Poor Poste Italiane. No one likes them.

Every time I write anything about the good ol’ PT, I inevitably get a random Italian commenter who hasn’t ever read my blog before (and thus has no idea how adoring I truly am of my adopted country), but somehow landed on that one post where I get all complainy, and tries to defend the PT in the comments by suggesting in some creative and colorful form that if I don’t like it I can go back to my own damn country.

Ok, maybe not every time. But lots of times, anyways.

Maybe it was calling this post “Italian Postal Service I Hate You With All My Heart” that made some readers think I’m bitter and cynical. A bit over the top? I dunno. Perhaps.

Maybe it was the one called No stamps, this is the post office.

Maybe people just don’t appreciate quality sarcasm anymore. We’ve become so jaded, haven’t we?
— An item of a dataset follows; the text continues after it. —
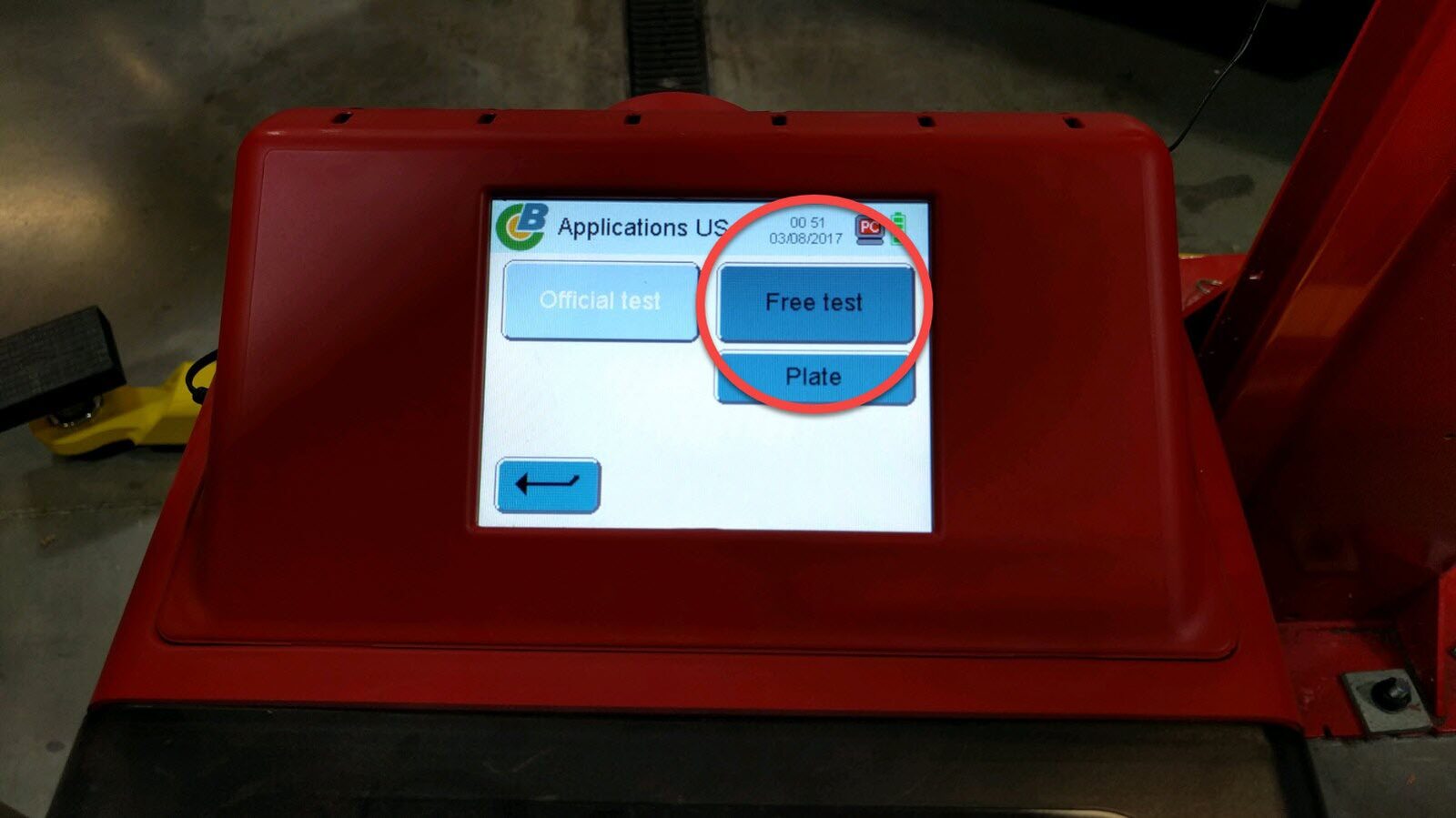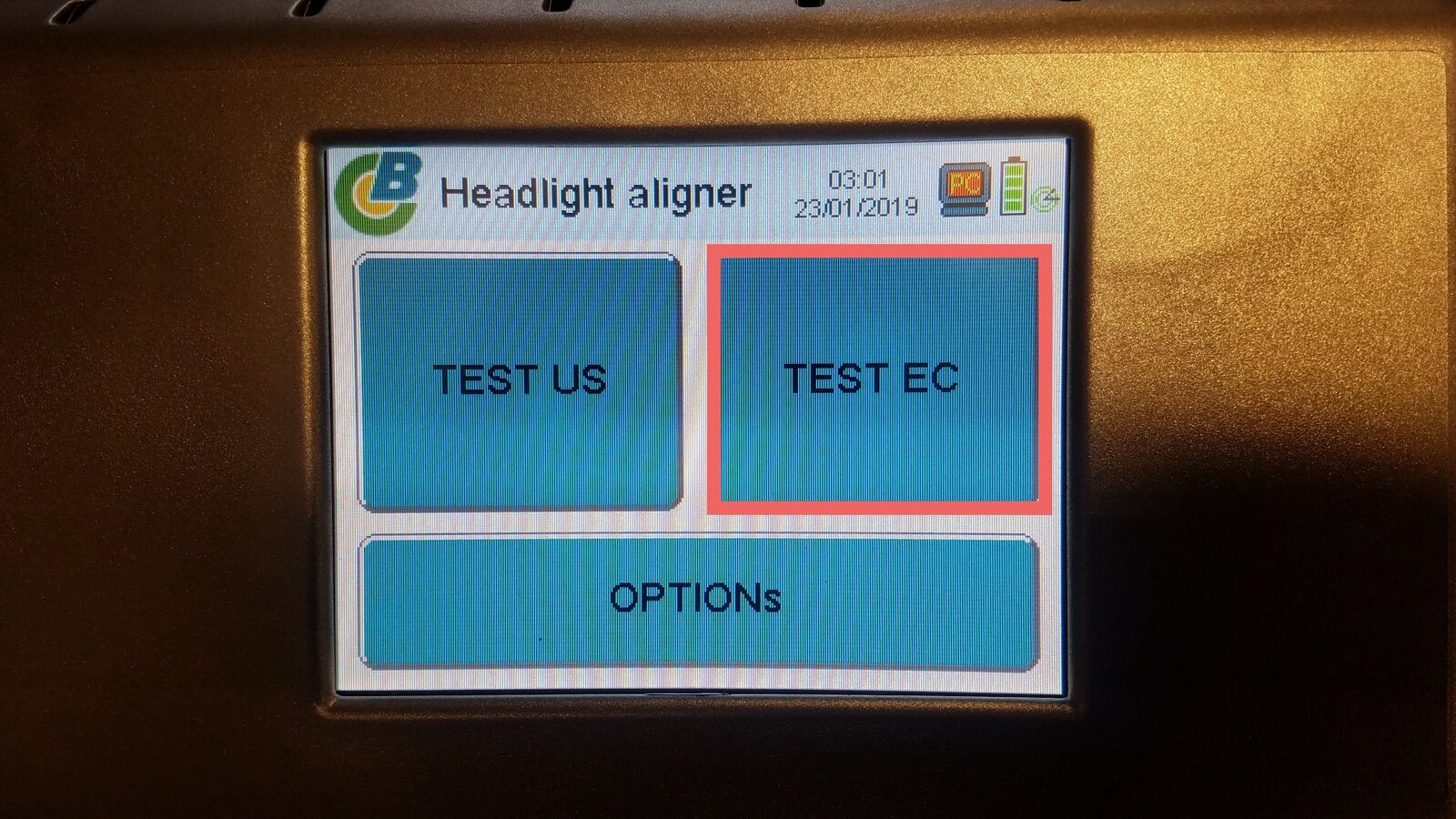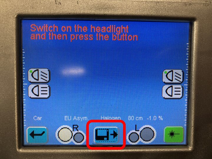 Initiate the test on the headlight aimer.
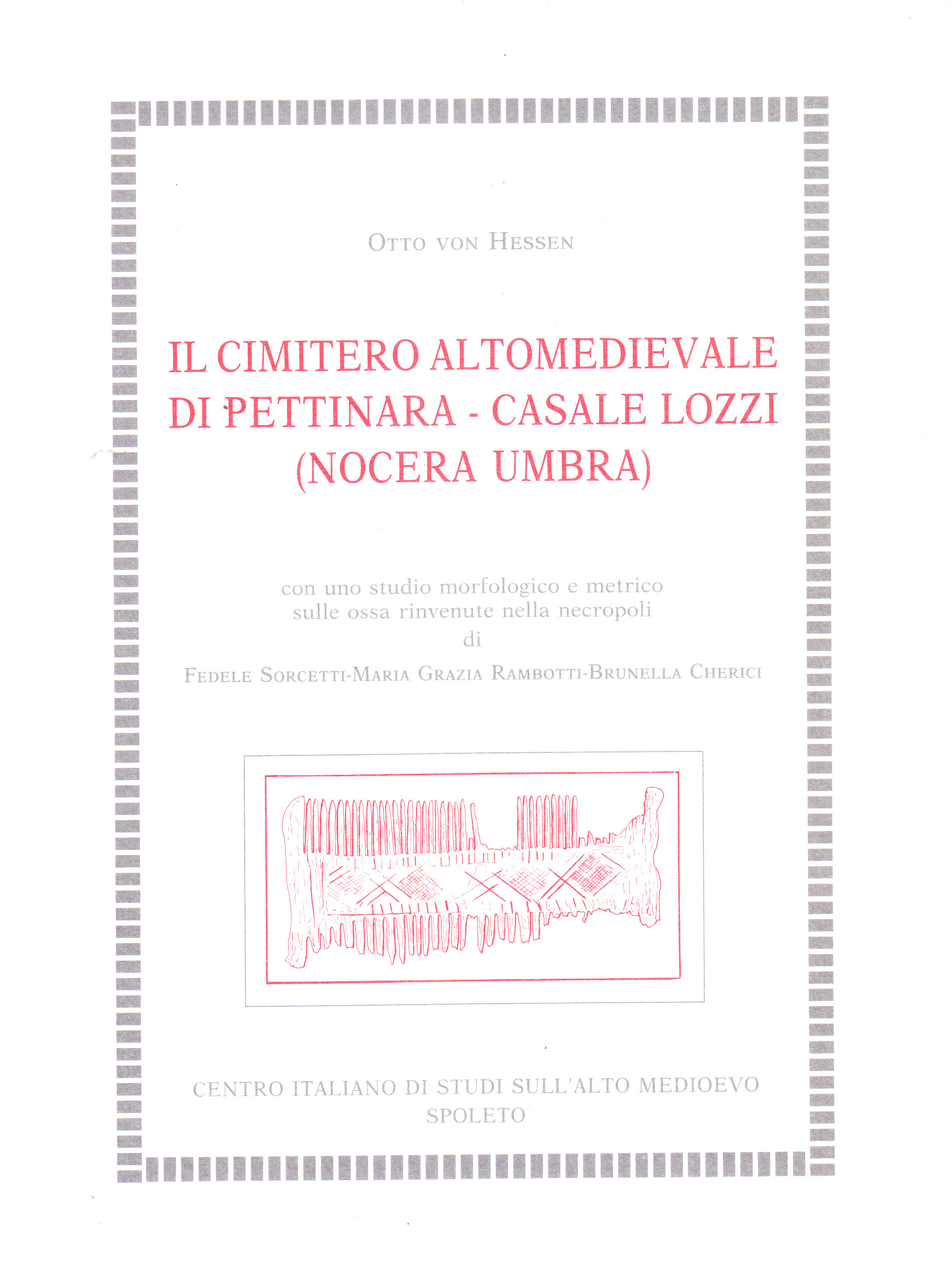 Indice: C. Leonardi, Prefazione alla ristampa - C. Leonardi, Premessa - O. Von Hessen, Il cimitero altomedievale di Pettinara-Casale Lozzi (Nocera Umbra) - Prefazione - Abbreviazioni bibliografiche - Introduzione - 1. Il cimitero - 2. Le tombe - 3. I ritrovamenti - 4. Valutazione dei reperti - Conclusioni: le necropoli di Nocera - Il Catalogo - F. Sorcetti-M. G. Rambotti-B. Cherici, Studio morfologico e metrico sulle ossa rinvenute nella necropoli di Pettinara (Nocera Umbra). Diagnosi tipologica e antropotassonomica dei reperti - Introduzione - Determinazione del tipo morfologico e attribuzione al gruppo popolazionistico (diagnosi antopotassonomica) - Descrizione dei resti scheletrici contenuti nelle singole tombe - Conclusioni - Bibliografia - Metodica impiegata - Accertamento del numero dei soggetti in toto e per ciascuna tomba - Diagnosi di sesso - Determinazione della statura - Valutazione approssimativa dell'età del soggetto al momento del decesso.

It’s too bad all our days can’t be filled with delightful post office banter like this.

Well, as you might already know, the Italian postal service (and here I use the term “service” very loosely) is a never-ending font of things to both ridicule and belittle.

And yet, today I don’t have any complaints to add, but rather a quiz (or as they say here in Italy, “queets”) question for you.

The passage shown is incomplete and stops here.